Produsen aluminium besar Tiongkok di Xinjiang, seperti Xinjiang East Hope Nonferrous Metals, Tianshan Aluminium, dan Xinfa Group Xinjiang, terlibat dalam program pemindahan tenaga kerja yang didukung pemerintah yang memaksa warga Uighur untuk bekerja.
Praktik domestik yang dilakukan perusahaan-perusahaan ini telah menimbulkan pertanyaan serius mengenai komitmen mereka terhadap hak-hak buruh dalam operasi internasional dan menunjukkan pendekatan sistematis terhadap eksploitasi buruh yang melampaui batas negara.
Respons global terhadap pelanggaran-pelanggaran ini telah dipercepat, meskipun banyak yang berpendapat bahwa hal ini masih belum memadai. Amerika Serikat (AS) telah menerapkan Undang-Undang Pencegahan Kerja Paksa Uyghur yang menimbulkan anggapan bahwa barang-barang yang diproduksi seluruhnya atau sebagian di Xinjiang tidak memenuhi syarat untuk diimpor.
UE sedang mempersiapkan undang-undang serupa untuk melarang impor yang terkait dengan kerja paksa.
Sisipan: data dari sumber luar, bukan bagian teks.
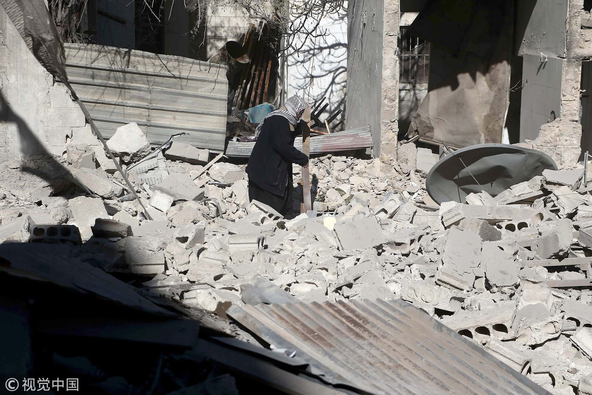 A Syrian inspects debris of a destroyed building after an airstrike on Arbin town of Eastern Ghouta, Damascus, Syria, on February 27, 2018. /VCG Photo
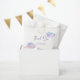 Dreamy und boho Wolke neun Thema Baby Dusche Gefallen Tasche mit Aquarell Abbildung von rosa und lila Wolken.
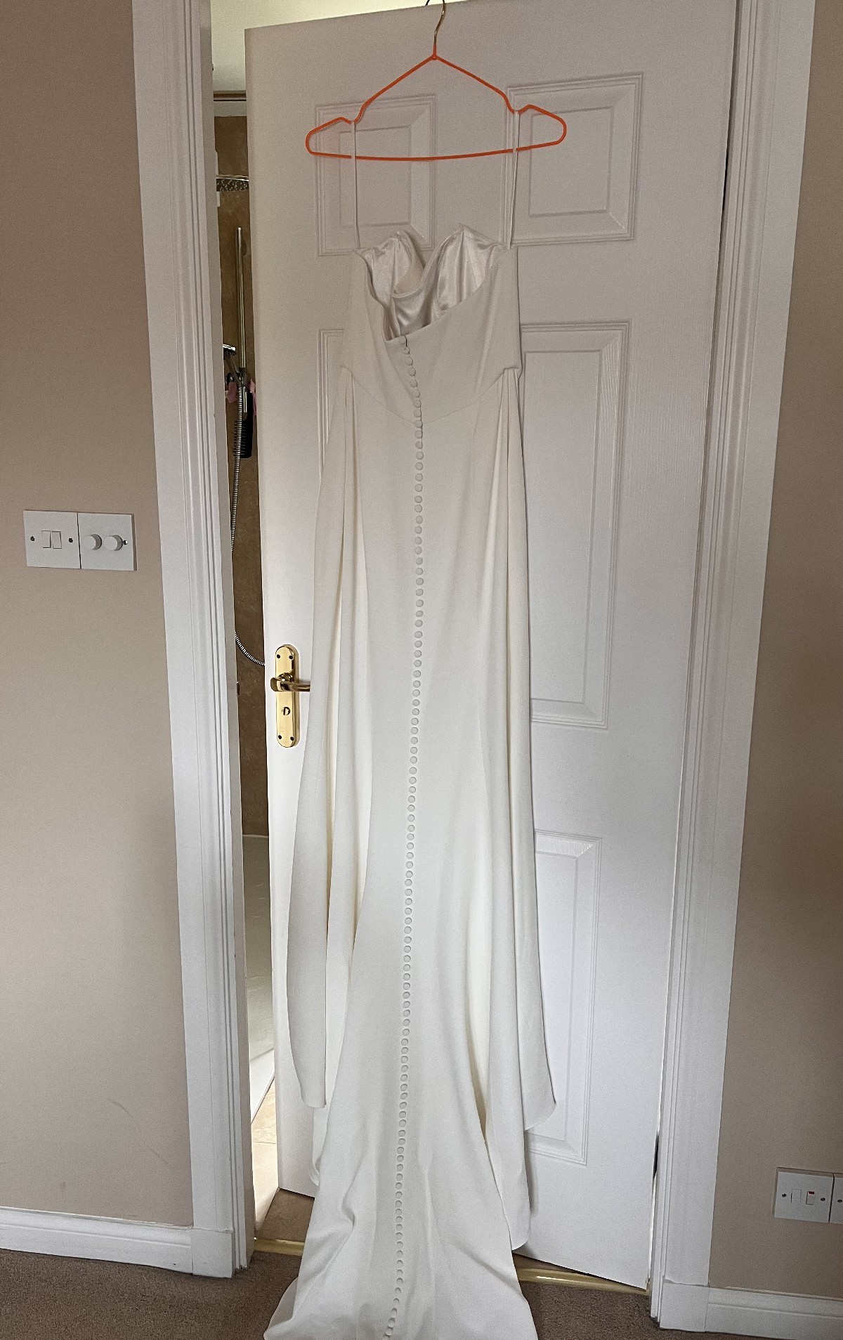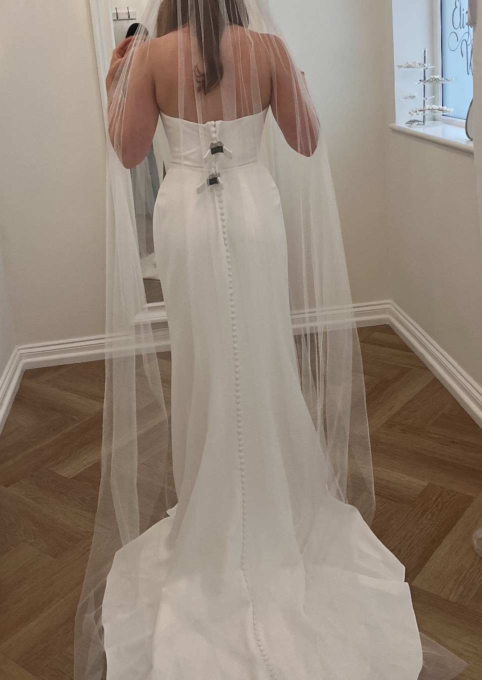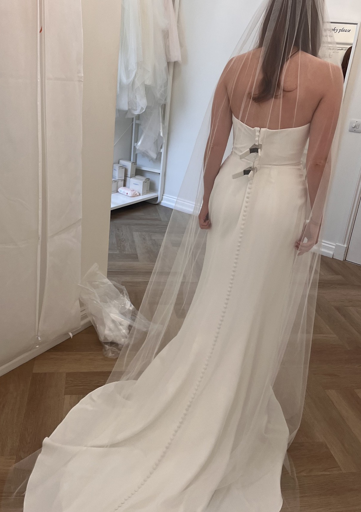 The dress has been tried on twice, tags were removed, but has never been worn properly.

Namun, sikap bermusuhan pemerintah Tiongkok terhadap investigasi hak asasi manusia dan perluasan undang-undang anti-spionase baru-baru ini telah menciptakan hambatan besar bagi perusahaan dalam upaya melakukan uji tuntas dalam rantai pasokan mereka.
Industri otomotif menghadapi tantangan khusus karena Tiongkok menjadi pemain yang semakin dominan di sektor ini. Produsen mobil global yang beroperasi di Tiongkok melalui usaha patungan sering kali mengklaim bahwa mereka memiliki kendali terbatas atas operasi mitra mereka, sehingga menciptakan apa yang oleh para kritikus dianggap sebagai alasan yang tepat untuk menutup mata terhadap pelanggaran hak ketenagakerjaan.
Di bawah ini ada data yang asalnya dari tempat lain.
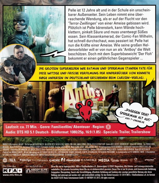 Pelle ist 12 Jahre alt und in der Schule ein unscheinbarer Aussenseiter. Sein Leben nimmt eine überraschende Wendung, als er auf der Flucht vor den "Terror-Zwillingen" von einer Ameise gebissen wird. Plötzlich ist Pelle bärenstark, kann Wände hochklettern, pinkelt Säure und muss unentwegt Süsses essen. Sein Klassenkamerad, der Comic-Fan Wilhelm, hat schnell durchschaut, was passiert ist: Pelle hat nun die Kräfte einer Ameise. Wie seine grossen Heldenvorbilder will er von nun an als "Antboy" die Welt beschützen. Doch mit dem Superbösewicht "Der Floh" bekommt er einen gefährlichen Gegenspieler...
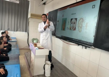 课堂上,张医生通过图文并茂的课件,以“神农尝百草”“扁鹊望闻问切”等故事为引,生动讲解中医发展简史与核心理念。结合小学生日常健康需求,他重点科普了人体经络、穴位按摩、节气养生、常见的中药等实用知识,并带领学生现场体验“找找穴位”“观察中医治疗工具”等互动环节。
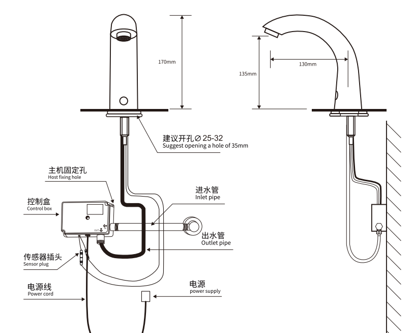 Item No: T-819 Material : Brass Power supply mode: DC(Battery type/DC6V) AC220V-250V Power supply mode AC110V AC/DC Inlet diameter: G1/2" Outlet pipe diameter :G1/2" Applicable water pressure :0.05~~0.8Mpa Working power :DC6V Static consumption :0.05MW<2W Sensing distance :Factory setting 20c Ambient temperature : 0℃-60℃ Operating Humidity : Above95%RH
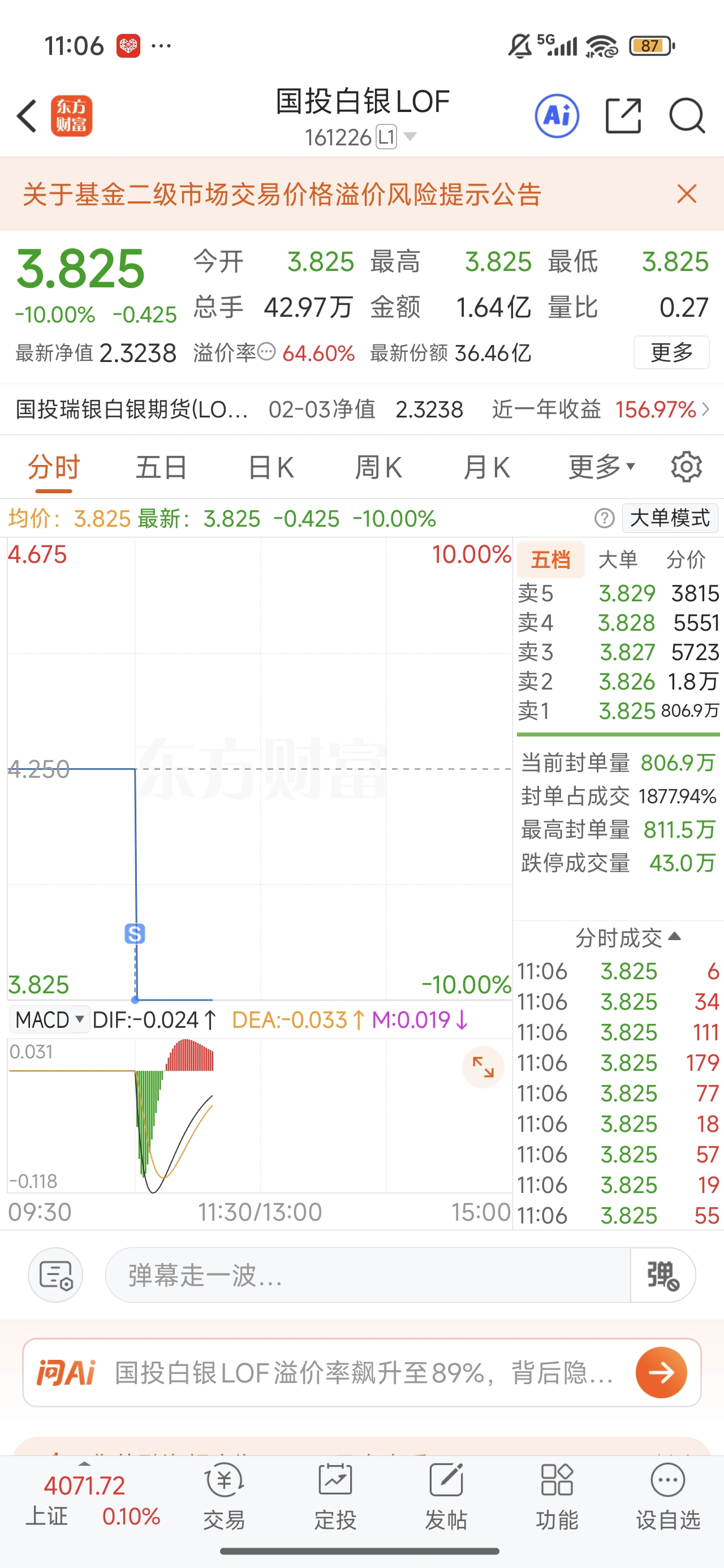 $国投白银LOF(SZ161226)$ 终于把我放出来了,连吃三个板
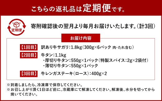 【数量限定】【3ヶ月定期便】 牛サガリ & 牛タン & 牛レンガステーキ ( ロース ) 肉盛り定期便B 計3回 合計3.7kg 牛肉 肉 サガリ タン レンガステーキ 赤身 リブロース 希少部位 味付 冷凍
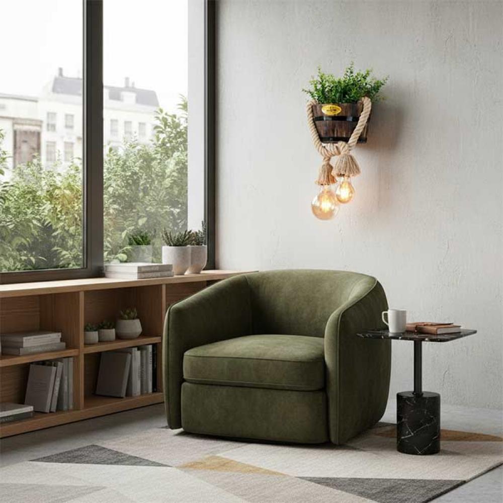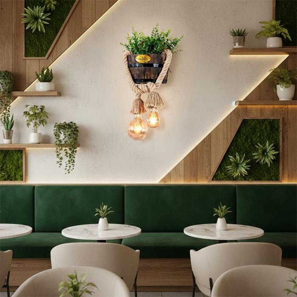 The 8075-2 Rope Wall Sconce blends rustic charm with modern aesthetics. Crafted with a vintage-style wooden bucket base, it features two twisted natural ropes holding dual light sockets—creating a warm and cozy lighting effect.
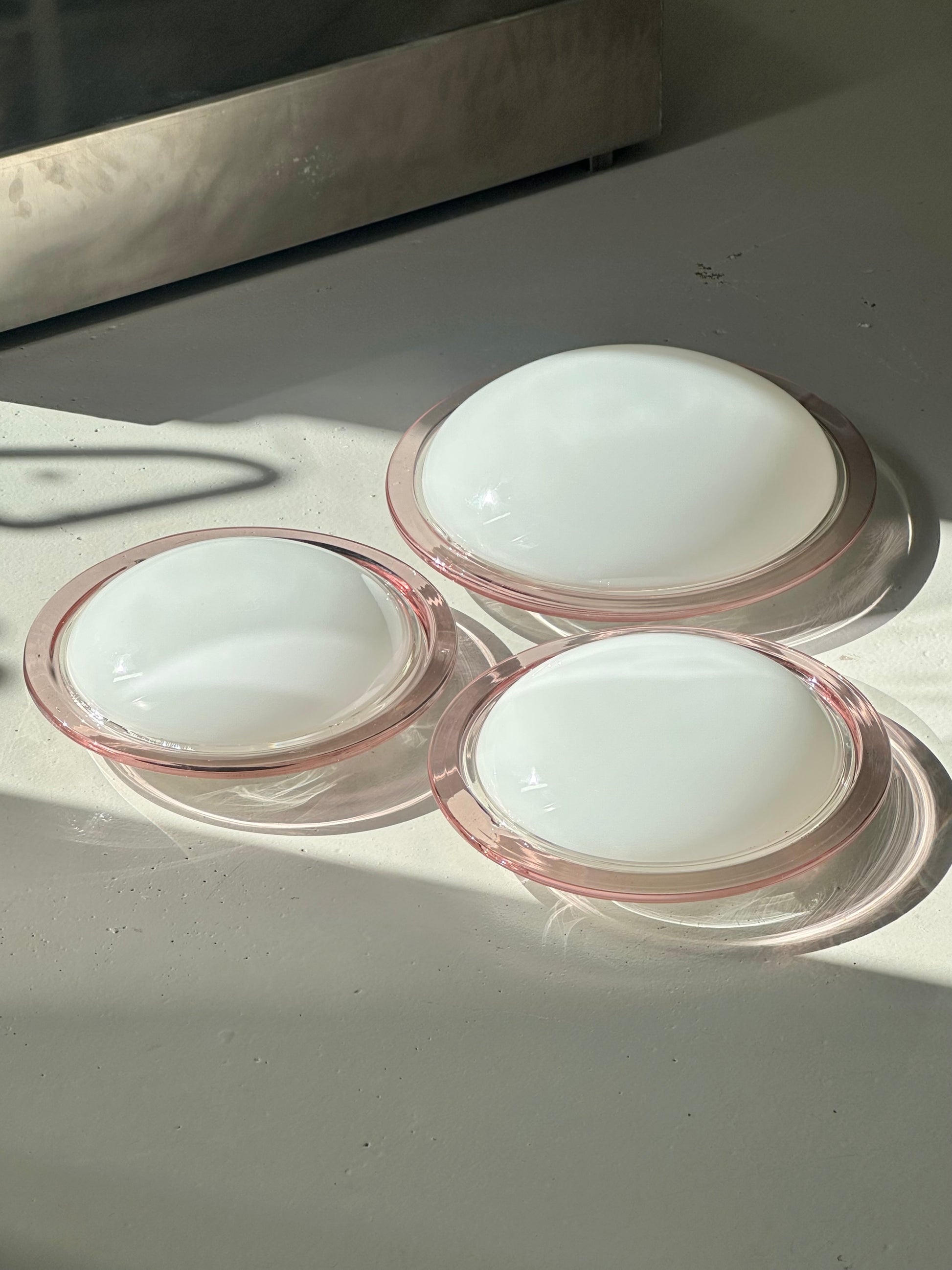 Vintage Murano plafond med hvid glas-midte og med kant i lyserødt glas. Den er i super flot stand uden revner og med kun alm lette brugsspor. Den har fået ny frisk hvid flettet stofledning med afbryder.

Rantai pasokan dengan “ekor”.
Volkswagen, misalnya, meskipun menyatakan komitmennya terhadap hak asasi manusia, mengakui bahwa mereka “kurang transparan” mengenai pemasok di perusahaan patungan mereka di Tiongkok. Bahkan Tesla, yang telah memberikan informasi lebih rinci mengenai sumber aluminiumnya, tidak dapat sepenuhnya menjamin bahwa rantai pasokannya bebas dari kerja paksa.
Ambiguitas dalam rantai pasokan memungkinkan material yang berpotensi “terkontaminasi” memasuki pasar global tanpa terdeteksi, khususnya melalui jaringan perdagangan industri aluminium yang kompleks.
Ketika batangan aluminium dilebur dan dicampur dengan bahan lain, asal usulnya menjadi tidak mungkin ditentukan, sehingga aluminium palsu dapat menyusup ke rantai pasokan global tanpa terdeteksi. Kurangnya ketertelusuran menciptakan “badai sempurna” di mana pelanggaran hak asasi manusia dapat berkembang biak dengan kedok operasi bisnis yang sah.
Penutupan pabrik-pabrik baru-baru ini di Brasil dan Angola harus menjadi peringatan bagi pemerintah dan perusahaan. Keduanya menunjukkan bahwa praktik ketenagakerjaan bermasalah yang terkait dengan operasi industri Tiongkok tidak hanya terjadi di Xinjiang, namun merupakan masalah sistemik dalam ekspansi industri Tiongkok secara global.
Kejadian ini menunjukkan pola yang meresahkan dimana keuntungan lebih diprioritaskan dibandingkan martabat manusia dan dimana upaya peningkatan kapasitas industri mengorbankan hak asasi manusia.
Ketika Tiongkok terus mewujudkan visi Presiden Xi Jinping untuk menjadi “kekuatan otomotif,” dunia harus menuntut akuntabilitas dan transparansi yang lebih besar. Perusahaan yang membuat mobil di Tiongkok atau membeli suku cadang dari pemasok Tiongkok harus mematuhi standar hak asasi manusia dan ketenagakerjaan yang sama. diterapkan di tempat lain.
Situasi saat ini, di mana kepentingan bisnis selalu lebih penting daripada kepedulian terhadap hak asasi manusia, bukan saja tidak berkelanjutan, namun juga tidak berkelanjutan secara moral.
Pola pelecehan yang ditemukan di Brasil, Angola, dan negara lain menunjukkan bahwa tanpa pengawasan dan penegakan hukum internasional yang kuat, ekspansi industri Tiongkok berisiko melemahkan standar ketenagakerjaan secara global. Komunitas internasional harus bertindak tegas untuk memastikan bahwa pembangunan ekonomi tidak mengorbankan martabat manusia dan hak asasi manusia.